Reproduce, exactly and only, the lines of the data that follows from the one containing "Український інститут національної" down to the one containing "COTOPHER Small Gift", without pictures.

▶ **INPUT RECORDS**
=== Begin Enclosure ===

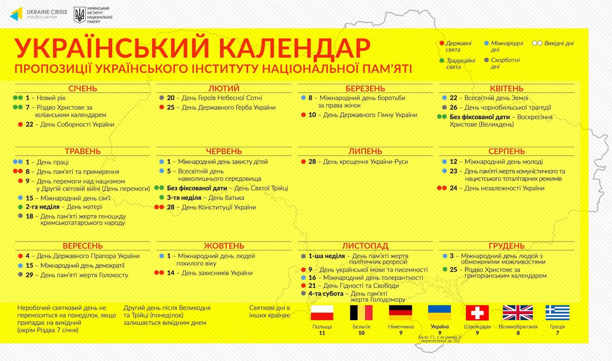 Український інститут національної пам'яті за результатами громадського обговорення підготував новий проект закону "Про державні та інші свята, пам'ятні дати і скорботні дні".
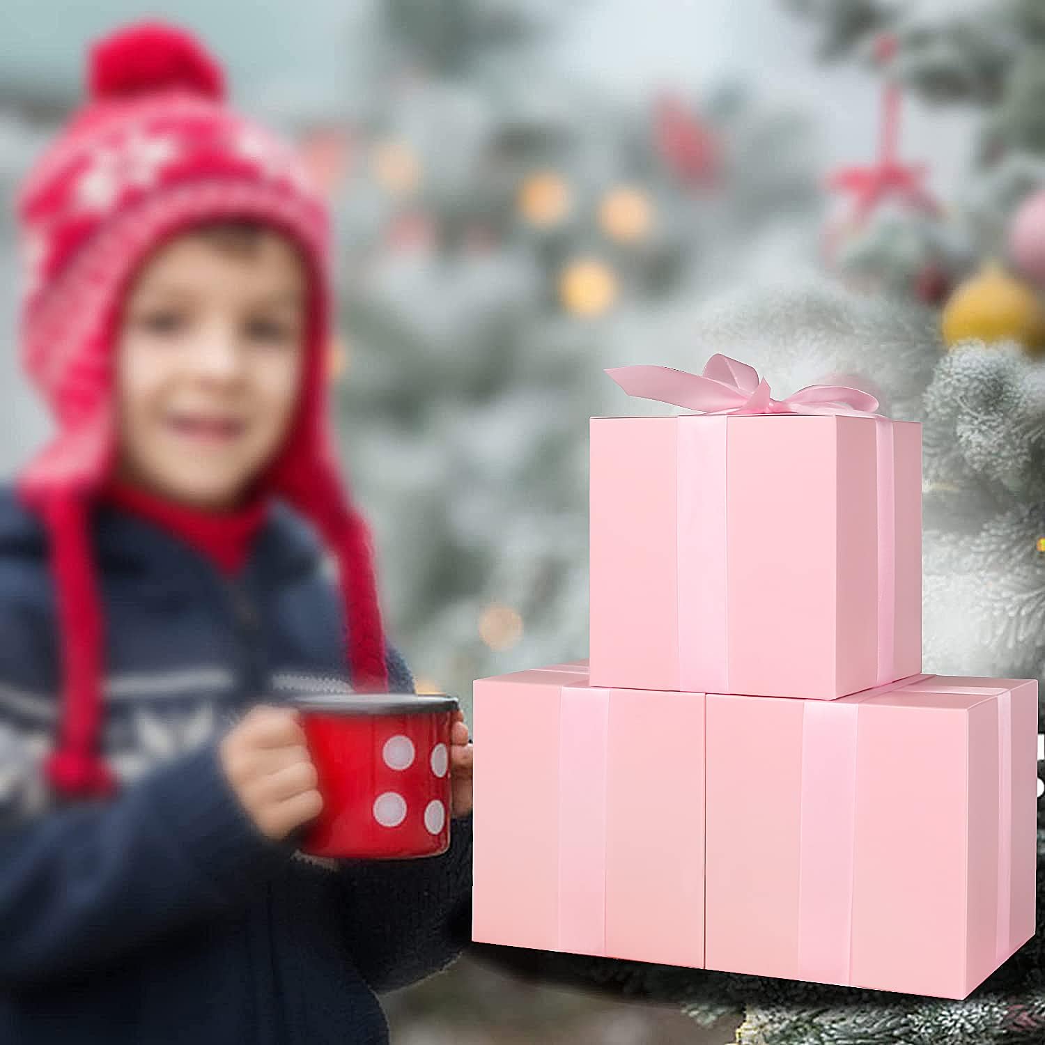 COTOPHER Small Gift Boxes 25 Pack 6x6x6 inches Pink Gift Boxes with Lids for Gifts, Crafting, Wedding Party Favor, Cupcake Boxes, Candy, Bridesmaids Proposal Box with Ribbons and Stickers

=== End Enclosure ===
=== Begin Enclosure ===

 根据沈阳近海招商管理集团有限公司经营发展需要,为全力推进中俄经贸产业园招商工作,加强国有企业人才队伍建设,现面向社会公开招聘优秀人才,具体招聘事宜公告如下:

=== End Enclosure ===

▶ **SOLUTION FOR THIS EXERCISE**
 Український інститут національної пам'яті за результатами громадського обговорення підготував новий проект закону "Про державні та інші свята, пам'ятні дати і скорботні дні".
 COTOPHER Small Gift Boxes 25 Pack 6x6x6 inches Pink Gift Boxes with Lids for Gifts, Crafting, Wedding Party Favor, Cupcake Boxes, Candy, Bridesmaids Proposal Box with Ribbons and Stickers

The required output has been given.